Geometrically explained, why do Linear Transformations Take a circle to an ellipse

The equation of a circle is $x^2 + y^2 = r^2$, or in terms of vectors $(x,y) \pmatrix{x\cr y} = r^2$ An invertible linear transformation $T$ takes $\pmatrix{x\cr y}$ to $\pmatrix{X\cr Y} = T\pmatrix{x\cr y}$. Thus $\pmatrix{x\cr y\cr} = T^{-1} \pmatrix{X\cr Y}$, and $(x,y) = (X, Y) (T^{-1})^\top$. The equation becomes $$(X, Y) (T^{-1})^\top T^{-1} \pmatrix{X\cr Y} = r^2 $$ Note that $(T^{-1})^\top T^{-1}$ is a real symmetric matrix, so it can be diagonalized, and its eigenvalues are positive.

Every real square matrix has a polar decomposition into the product of an orthogonal matrix $U$ and a positive-semidefinite (symmetric) matrix $P$. If the original matrix is nonsingular, then $P$ is positive-definite. In 2-D, orthogonal matrices represent either rotations or reflections, which are both isometries, so they don’t affect the shape of the transformed circle. As you’ve mentioned, $P$ can be orthogonally diagonalized, so it represents a stretch in some set of perpendicular directions.

The existence of this decomposition is equivalent to the existence of the SVD, but can be shown without relying on the latter. In a similar vein, the SVD decomposes the matrix into the product of a rotation or reflection, a scaling, and another rotation or reflection.

You might also have a look at the Steiner generation of an ellipse.
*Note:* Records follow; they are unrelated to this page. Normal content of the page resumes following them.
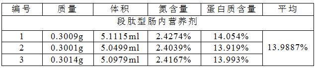 短肽型腸內(nèi)營養(yǎng)劑中的有機態(tài)氮在濃硫酸和催化劑的共同作用下,轉(zhuǎn)化為氨態(tài)氮。加堿蒸餾后,用硼酸吸收后,再以硫酸標準滴定液進行滴定。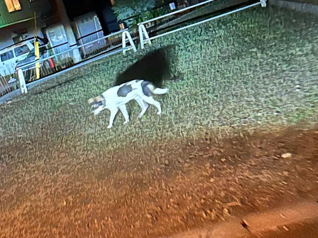 道路でなにかを嗅いでいたので、危ないと思い山側へ追いやりました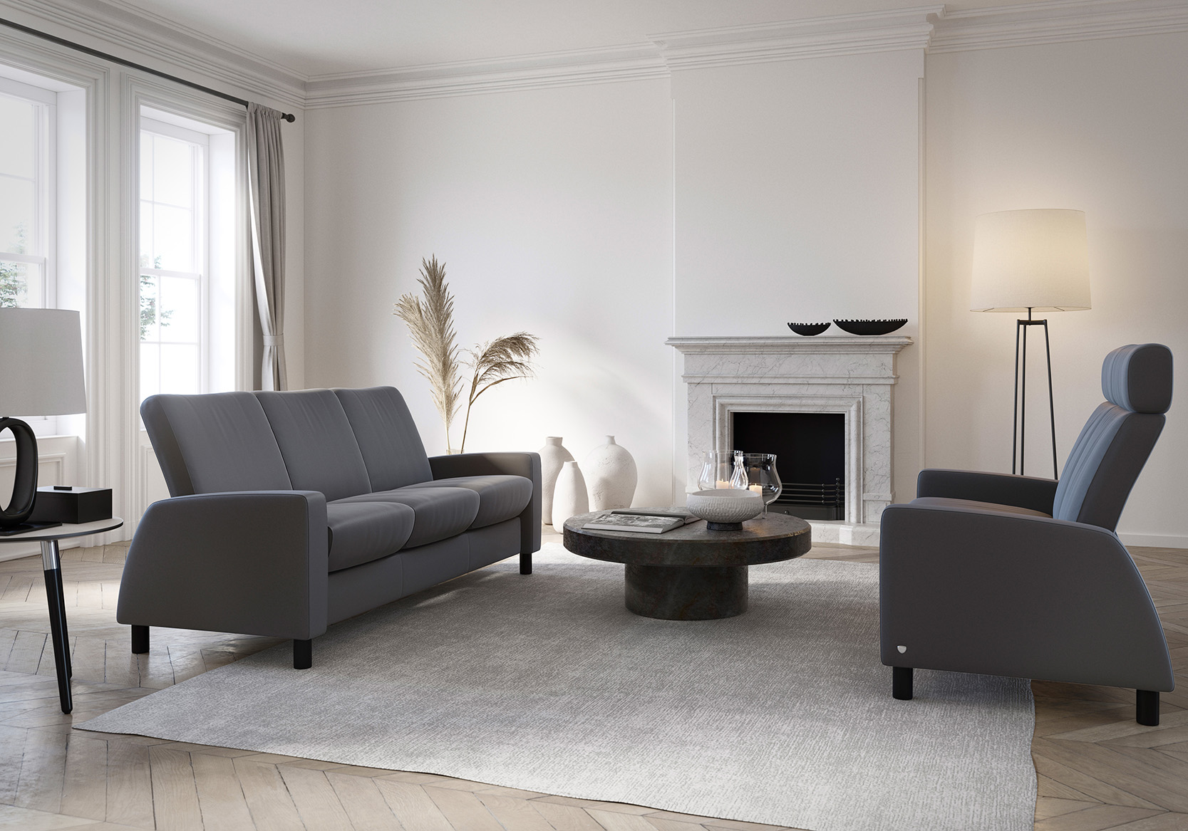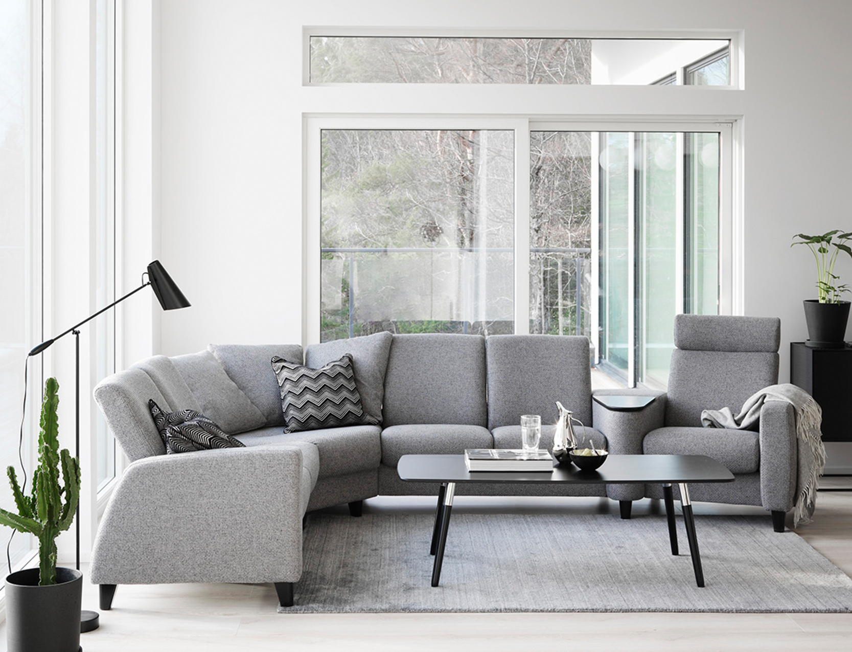 Stressless Arion沙发巧妙地利用几何图形的拼接,体现了极简的美学。沙发的坐垫和靠背连贯的视觉统一,省去了任何冗余的修饰。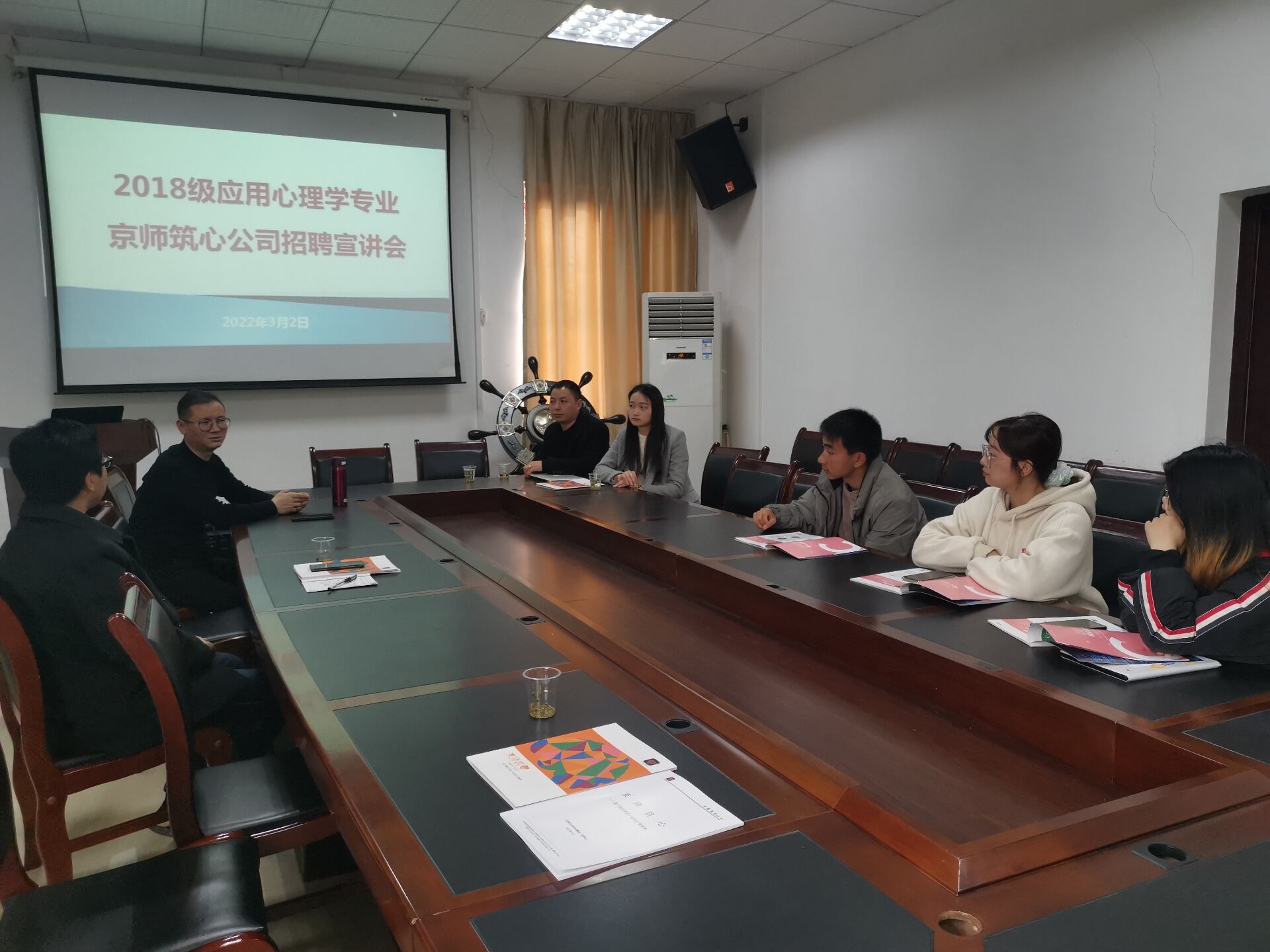 为积极推动落实应用心理学专业本科生的就业工作,切实减轻员工就业压力,应用心理学教研室于3月2日下午邀请京师筑心重庆公司罗宋成总经理等一行三人在公司会议室召开应用心理学2022届本科生毕业生招聘宣讲会,教研室负责人朱千教授、刘志军教授以及应用心理学专业部分本科生参加了会议。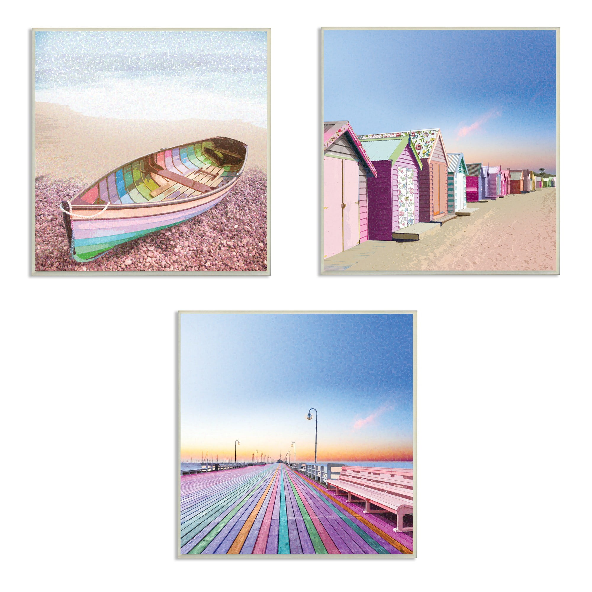 The Stupell Home Decor Collection Multi Color Pastel Wooden Row Boat 3pc Wall Plaque Art Set 12 X 0 5 X 12 Walmart Com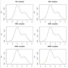 - МКМЛ Ланжевена, та інші методи, що покладаються на градієнт (та, можливо, другу похідну) логарифму апостеріорного, уникають випадкового блукання, роблячи пропозиції, що правдоподібніше знаходяться в напрямку вищої густини ймовірності.[14]

This uses intersecting line segments drawn between points on the sides of a parallelogram to generate ellipses, including circles. Affine transformations preserve incidence relationships (the image of the intersection of a pair of lines is the intersection of the lines’ images) and maps paralellograms to parallelograms, so the image of an ellipse under an affine transformation is another ellipse.